UM OLHAR SOBRE A SIDA

De braço dado com a fome, a pobreza, o baixo nível de instrução, as doenças tropicais, as doenças sexualmente transmissíveis e a tuberculose, o HIV / SIDA constitui uma forte ameaça para uma grande faixa de população moçambicana (estima-se que 16,2% da população).

Num dos discursos recentes, o Presidente da República classificou esta doença como uma pandemia, devido ao elevado número de pessoas atingidas e ainda porque os indicadores epidemiológicos existentes não são tranquilizadores. De facto estamos perante uma situação extremamente complexa, porque esta doença se inscreve num contexto sócio-  -cultural e economicamente muito desfavorecido ou seja de recursos materiais, financeiros e humanos muito escassos. Os gabinetes de aconselhamento e testagem voluntária (GATV) ainda não estão disseminados por todos os distritos, o número de técnicos bem como a sua formação são insuficientes, o número de médicos é muito escasso e não existem clínicos especialistas neste domínio. Os medicamentos antiretrovirais estão disponíveis gratuitamente nas farmácias de alguns centros de saúde e hospitais mas há frequentemente falhas no abastecimento, o que obriga a interromper o tratamento e a taxa de abandono dos tratamentos por parte dos doentes é preocupante. Os meios de diagnósticos (para além do teste rápido) são morosos e muito limitados (não é possível, por exemplo, determinar a carga viral). 

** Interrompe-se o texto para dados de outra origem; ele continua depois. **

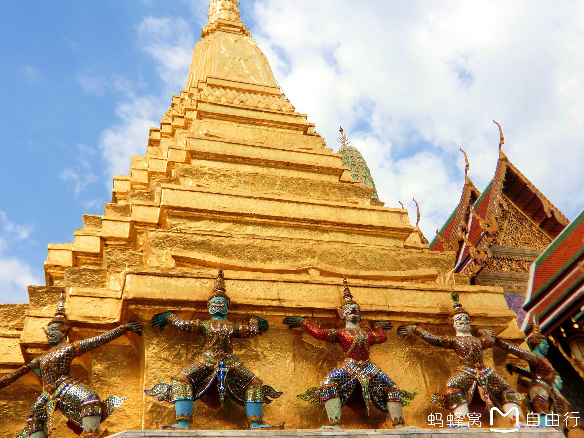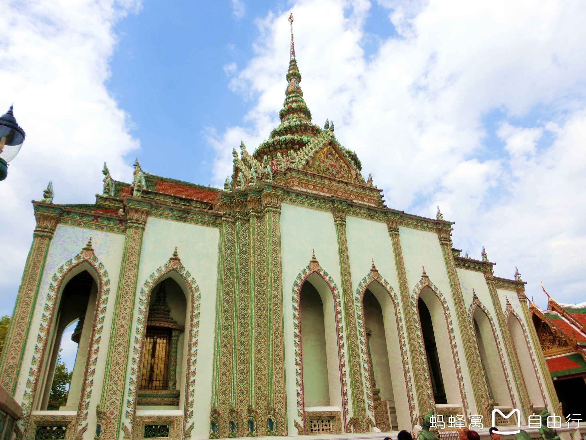 炎热的心情,却因为意外省了200而感到格外高兴!到处都写着Happy Chinese New Year!原来泰国的节日气氛不亚于我们国家呢。跟着人流挤进门,牢牢拉住老公生怕自己走丢了!大皇宫,就是泰国皇室贵族居住的地方,只不过大皇宫很大,开放一部分供游客参观,还有一部分是未开发的,因为泰国的国王住在里面。不可以被打扰。
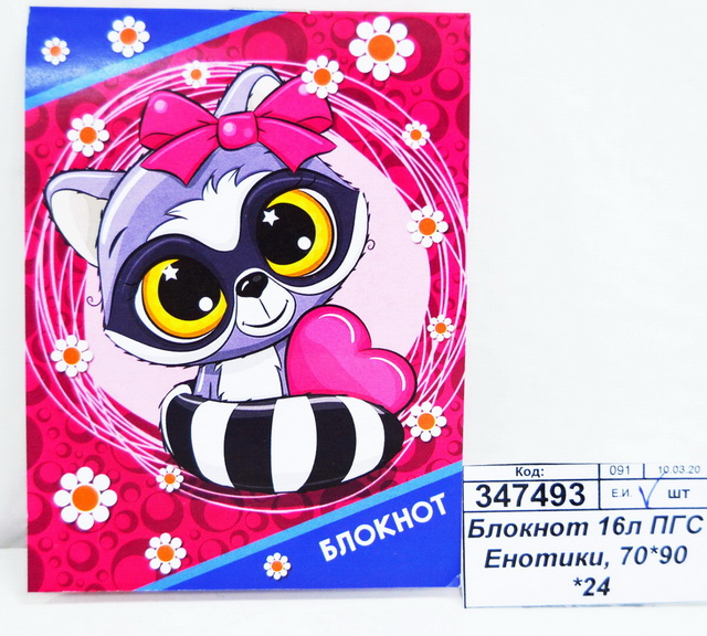 Блокнот 16листов ПГС Енотики, 70*90 *24
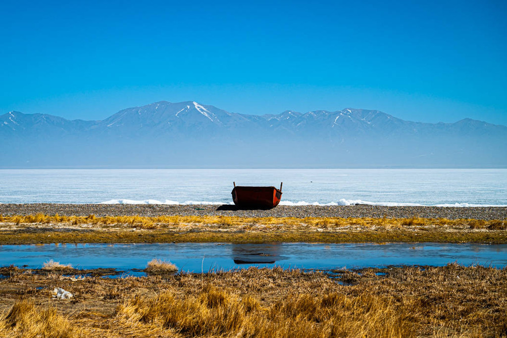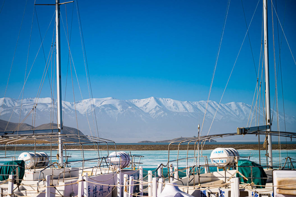 可是新疆防疫政策很严,时时调整,从伊犁过去虽然不远,但前两次车到赛湖东门口,都因为防疫政策不达标,被劝返。第三次通过了入园条件,但还是不允许在景区内住宿。东门现在是赛湖唯一的入口,也就是早年入园的月亮湾区域,大部湖面冰封,近年新增的一批游艇还被冻在码头。
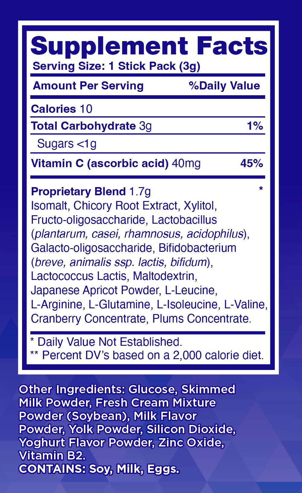 Isomalt, Glucose, Chicory Root Extract, Skimmed Milk Powder, Fresh Cream Mixture Powder (Soybean), Xylitol, Fructo-oligosaccharide, Vitamin C (ascorbic acid), Milk Flavor Powder, Galacto-oligosaccharide, Lactobacillus plantarum, Lactobacillus casei, Lactobacillus rhamnosus, Lactobacillus acidophilus, Yolk Powder, Silicon Dioxide, Yoghurt Flavor Powder, Bifidobacterium breve, Lactococcus Lactis, Bifidobacterium animalis ssp. lactis, Maltodextrin, Bifidobacterium bifidum, Japanese Apricot Powder, L-Leucine, L-Arginine, L-Glutamine, L-Isoleucine, L-Valine, Zinc Oxide, Vitamin B2, Cranberry Concentrate, Plums Concentrate
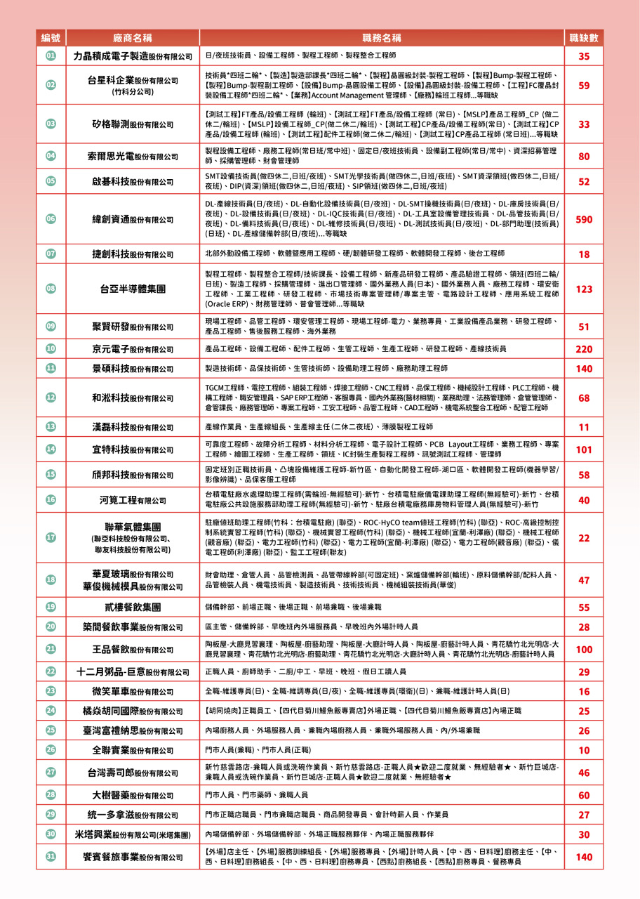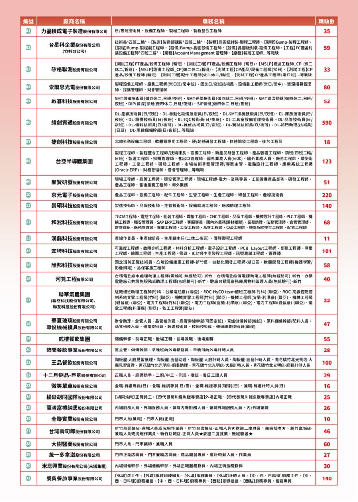桃竹苗分署指出,本次徵才活動從科技業到服務業,紛紛釋出具競爭力的職缺,大樹藥局開出門市人員及藥師職缺,二年以上資歷藥師年薪可破百萬,而且另有獎金制度,緯創資通更一口氣釋出高達五百個職缺。
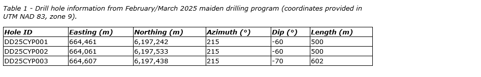 Following the maiden drill program, a deep-penetrating IP survey was designed to outline the distribution of disseminated sulphides within the hydrothermal system. IP results, along with alteration, lithology and pyrite mineralization observed in drill core, suggest the northeastern margin of the system was drilled. The survey results indicated the vast majority of disseminated sulphides occur 1.2 kilometres to the southwest of the nearest drill hole (DD25CYP002).
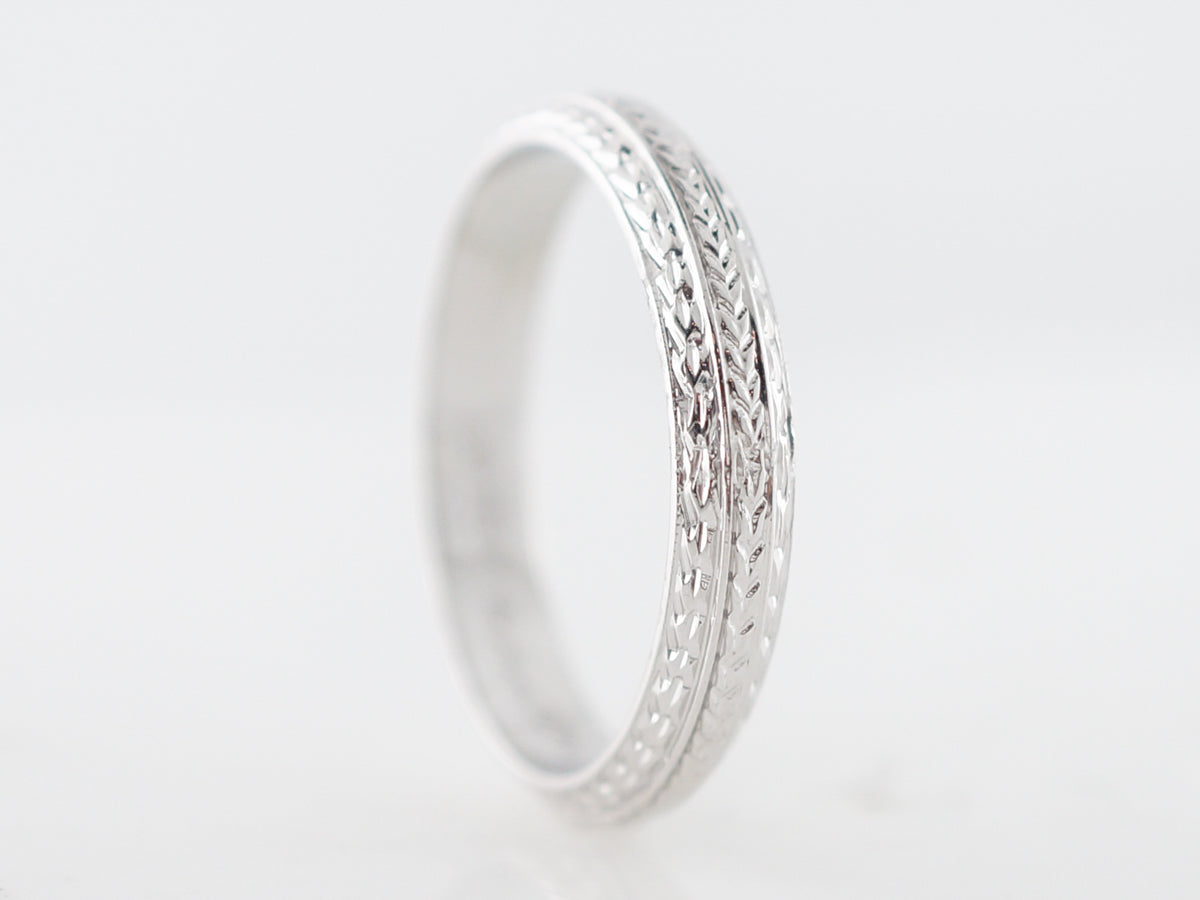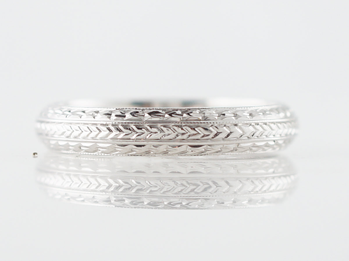 Men's Vintage Wedding Band Engraved Art Deco in 18k White Gold
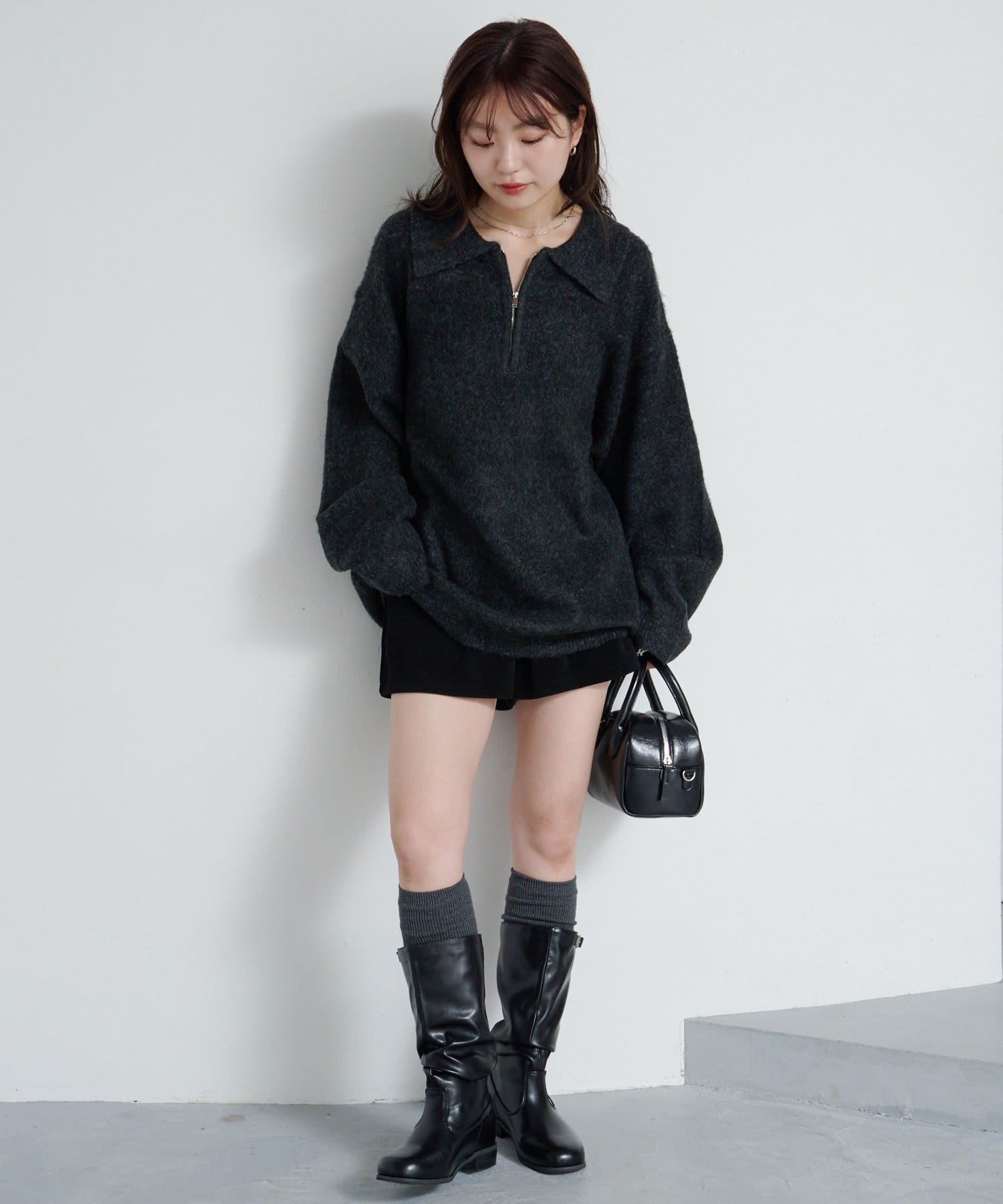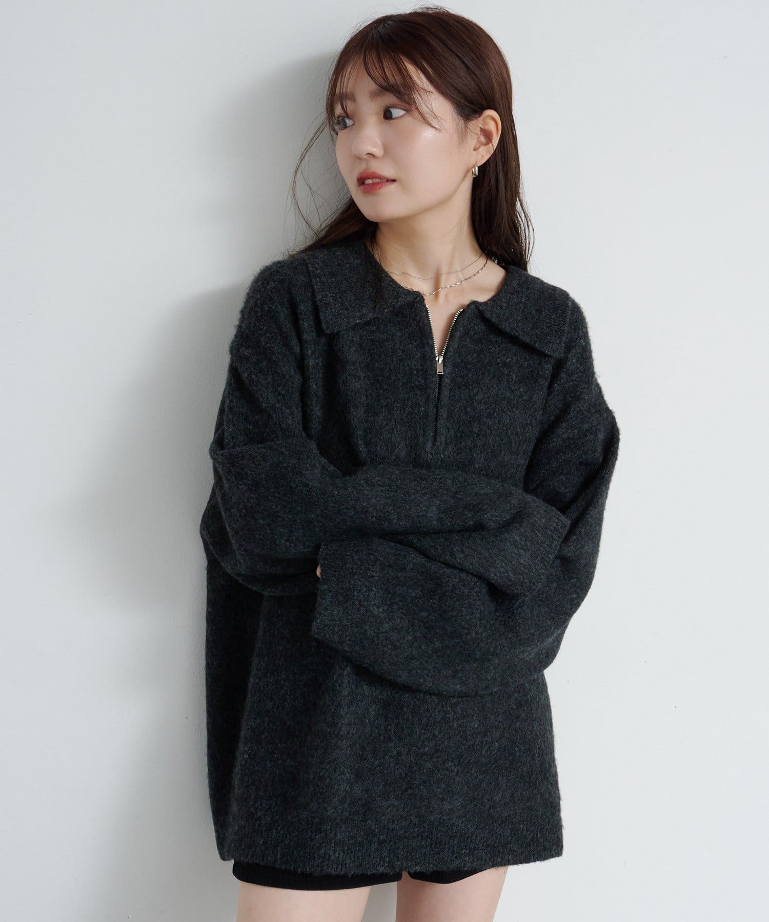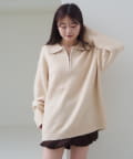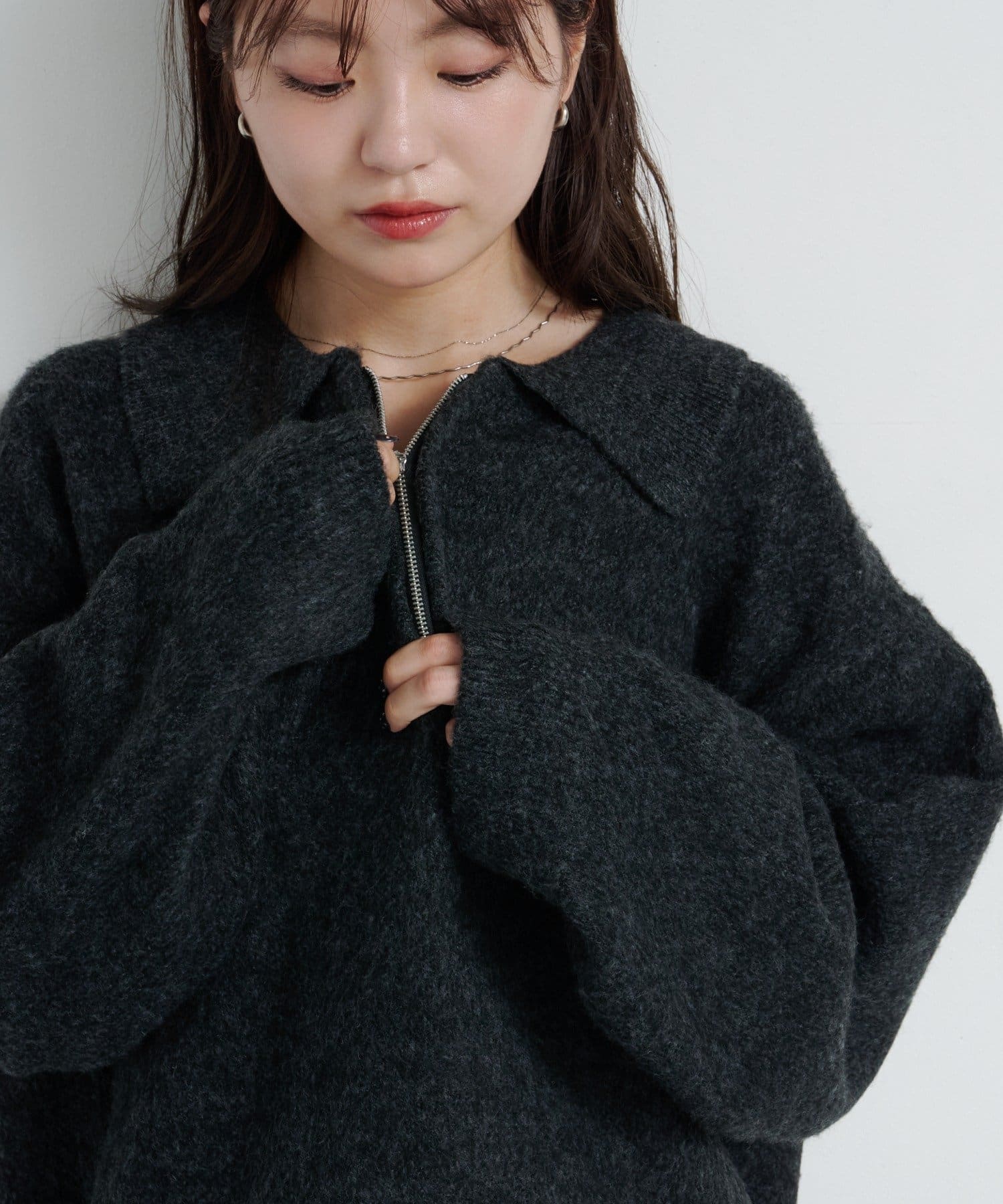 ハーフジップデザインで襟元の開き具合を調整でき、一枚での着用はもちろん、インナーとのレイヤードも楽しめます。

Apesar deste panorama tão pouco animador, devo contudo testemunhar o esforço que diariamente é feito por um pequeno grupo de técnicos, onde me incluo com o estatuto de voluntária (recepcionistas, conselheiros, activistas, enfermeiros, técnicos de Medicina, auxiliares de acção médica, técnicos de Farmácia, médicos) no tratamento e acompanhamento dos doentes. Registámos desde o início deste ano mais de mil doentes (uma média de 3 novos doentes por dia). A agravar esta situação muitos deles sofrem de tuberculose, muito frequentemente têm episódios de malária o que agrava muito o prognóstico. 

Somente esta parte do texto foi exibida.